Neural Nets: Use with caution

There has been significant hype surrounding artificial intelligence and neural nets recently and with good reason. AI is superb at learning to respond appropriately to a set of inputs like a stream of video or audio data and handling complexity beyond the capacity of us mere humans. Recent efforts in natural language processing and driverless vehicles have been nothing short of astounding.

As the tools of data mining have morphed into big data, the capabilities coming from these global leading AI projects are being incorporated into the toolkits available to the corporate data analyst. Many tools such as R, Oracle Data Mining, Weka, Orange and RapidMiner as well as libraries associated with languages like Python, make neural nets readily available to a vast range of analytic endeavours.

But caution is advised. The great results achieved by these major AI projects have been achieved with a few little noticed advantages. Firstly, the humans have already determined that there is indeed a signal in the data that they are trying to model. When the video stream comes in that the parking sign says “Handicapped Only”, the AI Neural Net quickly learns that parking the driverless vehicle there is an error. But the fact that the parking sign is verifiably there in the data is known by the modelling Data Science team apriori.
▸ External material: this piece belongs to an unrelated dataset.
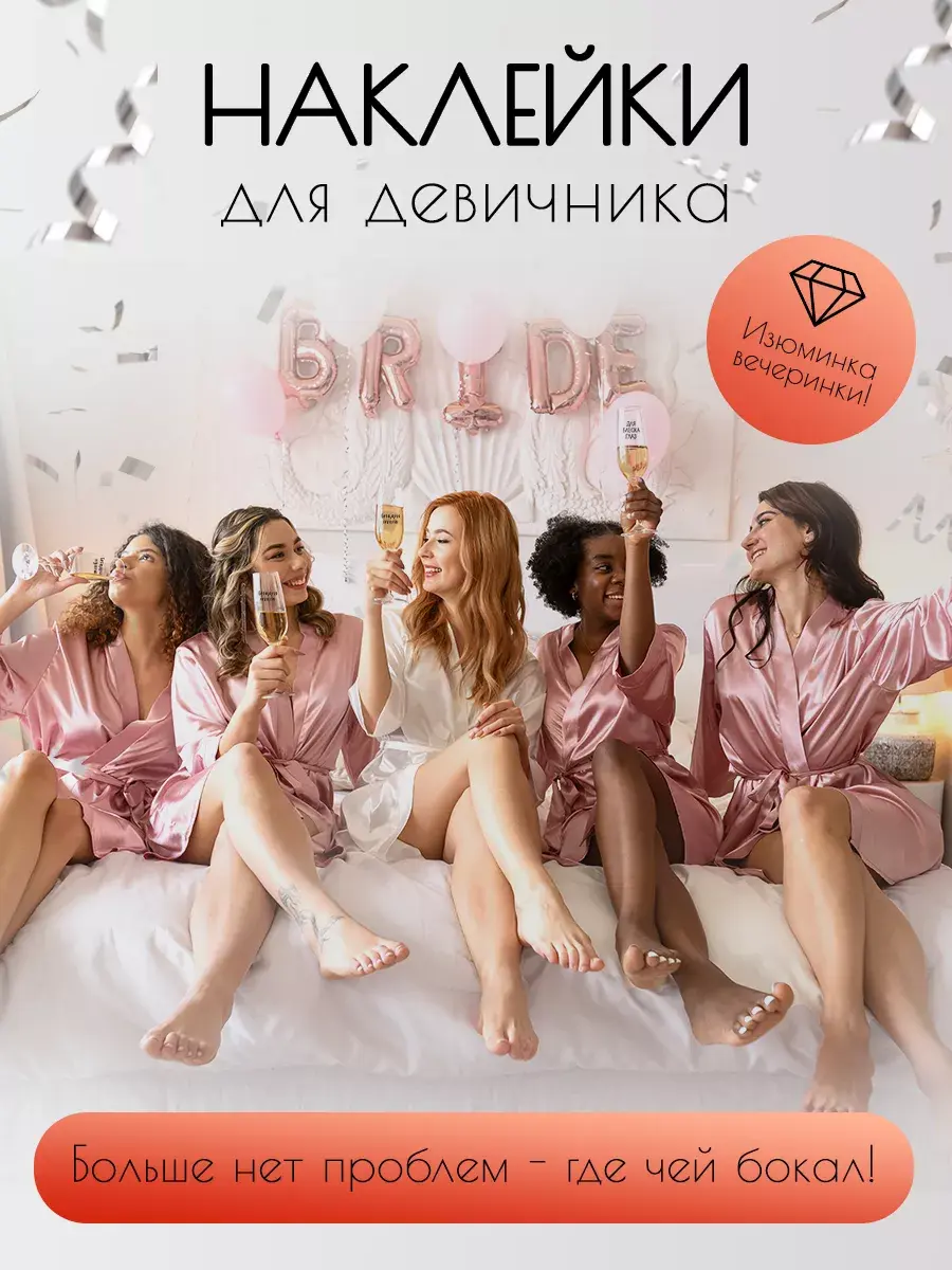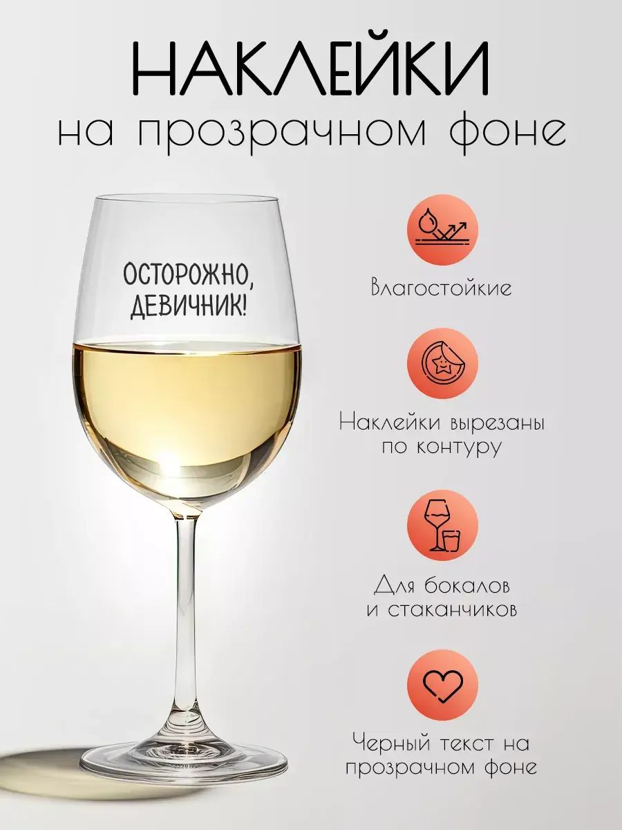 Наклейки на бокалы на прозрачной виниловой пленке для самого лучшего веселого девичника! Стильный праздник - уже рядом! И теперь нет проблемы - "Где мой бокал?" 41 штука, не считая наклейку с сердечком - на любой вкус для большой веселой колмпании!
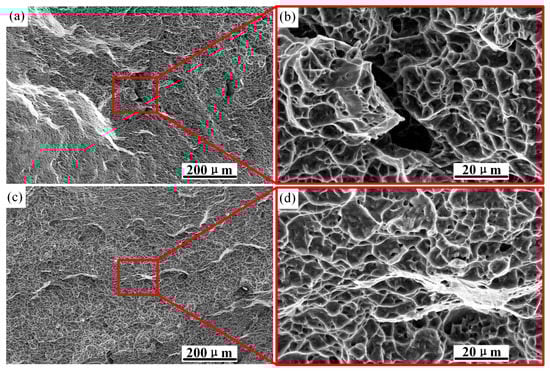 Figure 19 shows the fracture morphology of the smooth specimen at 500 and 4000x magnification. It was covered with dimples of different sizes, which were caused by the initiation and coalescence of micropores. Obvious traces of plastic deformation could also be observed, and some areas clearly showed characteristics of metal tearing. Figure 19b,d show partial enlarged views at strain rates of 0.001 s−1 and 0.01 s−1, respectively. It is obvious that the dimples in Figure 19b are deep and dense. The tensile strength and elongation of the material at different strain rates obtained by tensile tests of the smooth specimen are shown in Table 5. It can be seen that with the increase in strain rate, the tensile strength of the material increases, while the elongation after fracture is the opposite, and the increase in strength is accompanied by a decrease in ductility. Therefore, high density and deep dimples represent high elongation.

A neural net will find the signal that we knew was there. Another advantage is the sheer quantity of data. Teams working for Google, Apple and the like use billions and even trillions of data records too train their neural nets. This makes up for the relatively high number of “degrees of freedom” inherent in their neural net models.
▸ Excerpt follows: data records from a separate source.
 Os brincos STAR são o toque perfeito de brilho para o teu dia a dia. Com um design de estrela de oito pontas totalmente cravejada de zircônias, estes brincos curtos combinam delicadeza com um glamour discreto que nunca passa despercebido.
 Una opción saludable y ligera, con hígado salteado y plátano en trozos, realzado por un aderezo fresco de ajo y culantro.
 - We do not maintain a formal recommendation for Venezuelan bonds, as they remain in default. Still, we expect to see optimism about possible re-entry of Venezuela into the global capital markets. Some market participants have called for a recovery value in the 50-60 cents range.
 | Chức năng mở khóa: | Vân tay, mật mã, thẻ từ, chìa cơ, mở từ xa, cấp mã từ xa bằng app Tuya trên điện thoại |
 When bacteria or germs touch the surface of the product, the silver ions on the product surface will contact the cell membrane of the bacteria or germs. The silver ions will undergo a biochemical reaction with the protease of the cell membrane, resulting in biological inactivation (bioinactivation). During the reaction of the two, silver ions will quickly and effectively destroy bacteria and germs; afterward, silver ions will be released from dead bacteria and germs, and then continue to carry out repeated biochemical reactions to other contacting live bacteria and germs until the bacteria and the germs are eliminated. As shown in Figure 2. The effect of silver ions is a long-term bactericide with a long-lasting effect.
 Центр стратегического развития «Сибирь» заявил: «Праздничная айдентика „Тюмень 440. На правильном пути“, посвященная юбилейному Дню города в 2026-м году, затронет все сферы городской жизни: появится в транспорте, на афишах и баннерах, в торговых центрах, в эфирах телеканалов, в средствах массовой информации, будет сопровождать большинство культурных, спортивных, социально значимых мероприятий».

However in many real world situations we are looking for signals in the data that may or may not be there. For instance if we are trying to predict the future performance of one of our regional sales locations based on attributes of the centre and its surrounding catchment we may or may not have sufficient information in the data to detect a signal. Perhaps a natural disaster will impact the performance or there will be industrial action, or a terrorist act or… The key is that the data we possess may or may not be sufficient to make a reliable prediction. If it is sufficient, that’s great, but, if it isn’t, we need to know that fact.
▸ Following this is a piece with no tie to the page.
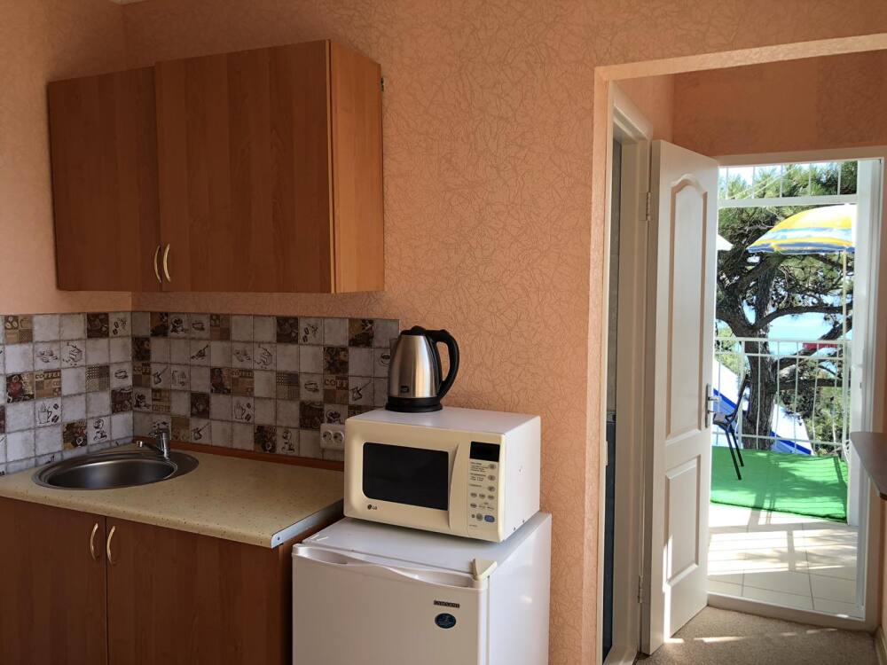 Гостевой дом «АнНи» - это ухоженная закрытая частная территория с можжевеловыми деревьями, крымской сосной, цветами, видом на море и гору Ай-Петри. На территории бассейн, общая летняя кухня с набором посуды, отдельная зона для приготовления мясных блюд (барбекю, шашлычница). 70% номеров оборудованы мини-кухнями (рабочий стол, мойка, антресоль с посудой, микроволновая печь). На расстоянии 500 метров от Гостевого дома расположены: магазины, кафе, банкоматы, остановка общественного транспорта, аптека. Расстояние до моря складывается так: 600 метров до санатория «Родина» или «Днепр». 300-350 метров по территории санатория. Кроме того, дня наших гостей мы предоставляем бесплатный трансфер до проходных указанных санаториев.
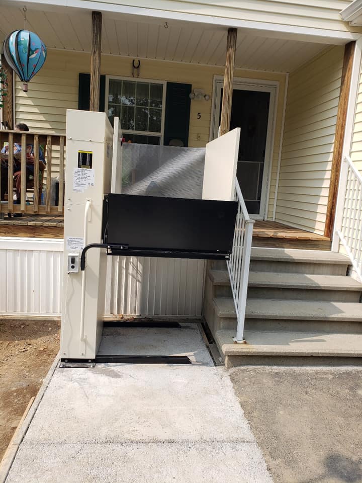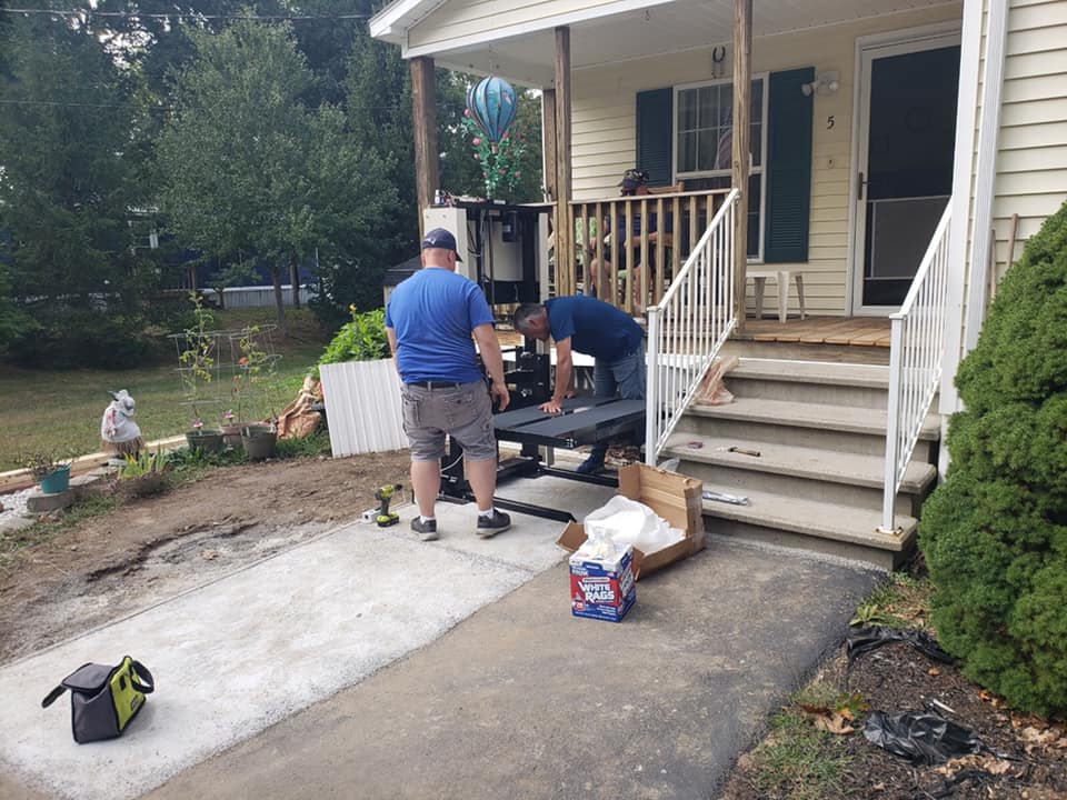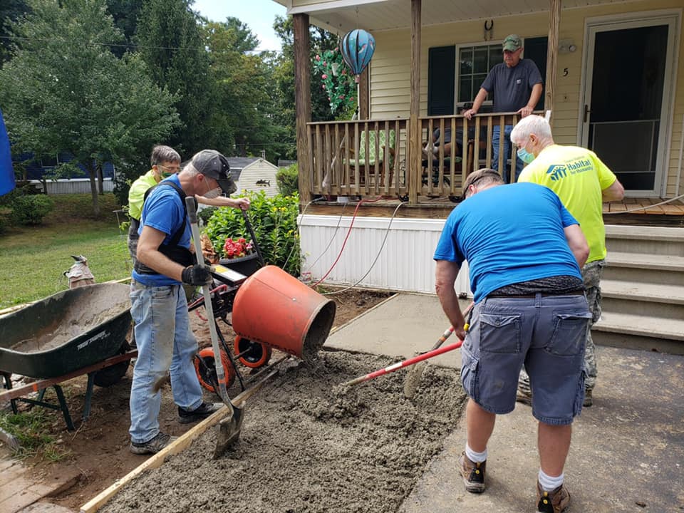 We worked in partnership with Elks Lodge 720 for a disabled Air Force Veteran. The Elks covered the costs and Habitat Build Crew Volunteers provided the labor for a new concrete path and installation of a new chair lift in Nashua, NH Sept. 11-13th, 2020. This honorable Veteran can now enter and exit his home safely.

Unlike more traditional predictive analytic techniques (like regression, survival analysis and decision trees), neural net models are difficult for us mere humans to interpret. But the powerful data tools I mentioned above will let our corporate data science team casually throw a neural net model at the data. What’s more they will invariably produce seemingly more accurate results than the traditional models. The old “this model makes no logical sense” is not available to neural nets and leaves our data science team at high risk of modelling simple noise. This is particularly a problem when we re-use the same holdout sets when trialing hundreds of slightly differently configured neural net models.

So who cares? Essentially using un-interpretable but powerful neural net models may make you feel like you are more accurately predicting the future. But in reality it may be simply capturing the noise from your input data. You may waste lots of time chasing ghosts or worse you may deploy a model into operation which performs little better than chance in the real world.

Have you seen an example of a Data Science team chasing ghosts?